Library prosa.analysis.definitions.service_inversion.readiness_aware

Require Export prosa.analysis.abstract.definitions.
Require Export prosa.analysis.definitions.readiness_interference.
Require Export prosa.analysis.definitions.service_inversion.pred.

Readiness-Aware Service Inversion

Section ServiceInversion.

Consider any kind of jobs.

  Context {Job : JobType}.
  Context `{JobArrival Job}.
  Context `{JobCost Job}.

Next, consider any kind of uniprocessor model.

Context {PState : ProcessorState Job}.
Hypothesis H_uni : uniprocessor_model PState.

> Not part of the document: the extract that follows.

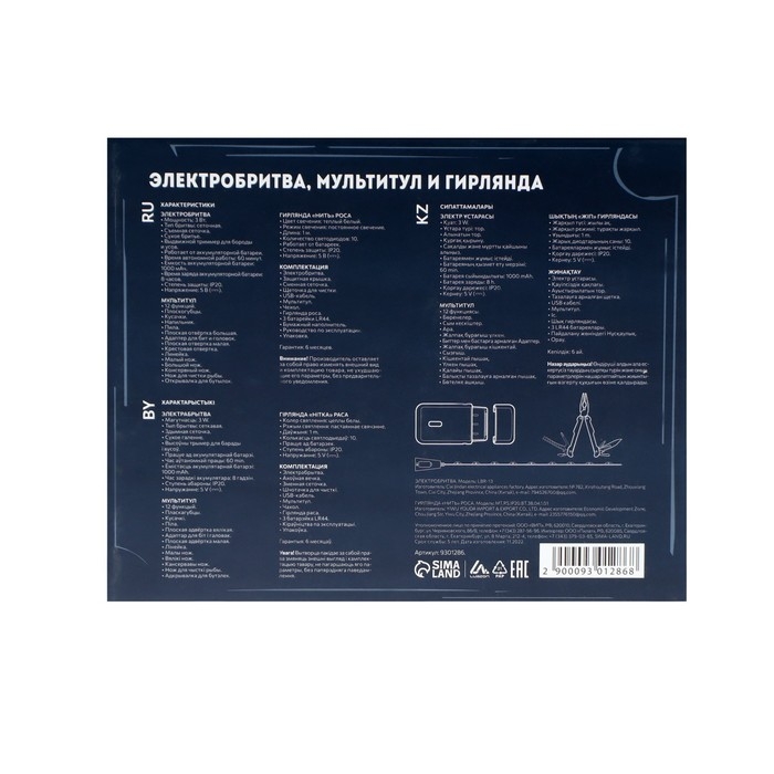 Набор от Luazon станет приятным и практичным подарком на День Рождения, Новый Год, годовщину или любой другой праздник для мужчины. В BOX входят электробритва, мультитул в чехле и гирлянда.

Consider any notion of readiness.

Context `{!JobReady Job PState}.

Consider any arrival sequence, ...

Variable arr_seq : arrival_sequence Job.

... and any schedule of this arrival sequence.

Variable sched : schedule PState.

Assume a JLFP policy.

Context `{JLFP_policy Job}.

In this section, we define a readiness-aware notion of service inversion.

Section Definitions.

Consider a job j.

Variable j : Job.

Recall the existing notion of service inversion that does not take job readiness into account.

Let readiness_oblivious_service_inversion := pred.service_inversion arr_seq sched.

We say that readiness-aware service inversion is taking place at some instant t if a lower-priority job (w.r.t j) is being served in spite of a higher-or-equal-priority job (w.r.t j) being schedulable, ...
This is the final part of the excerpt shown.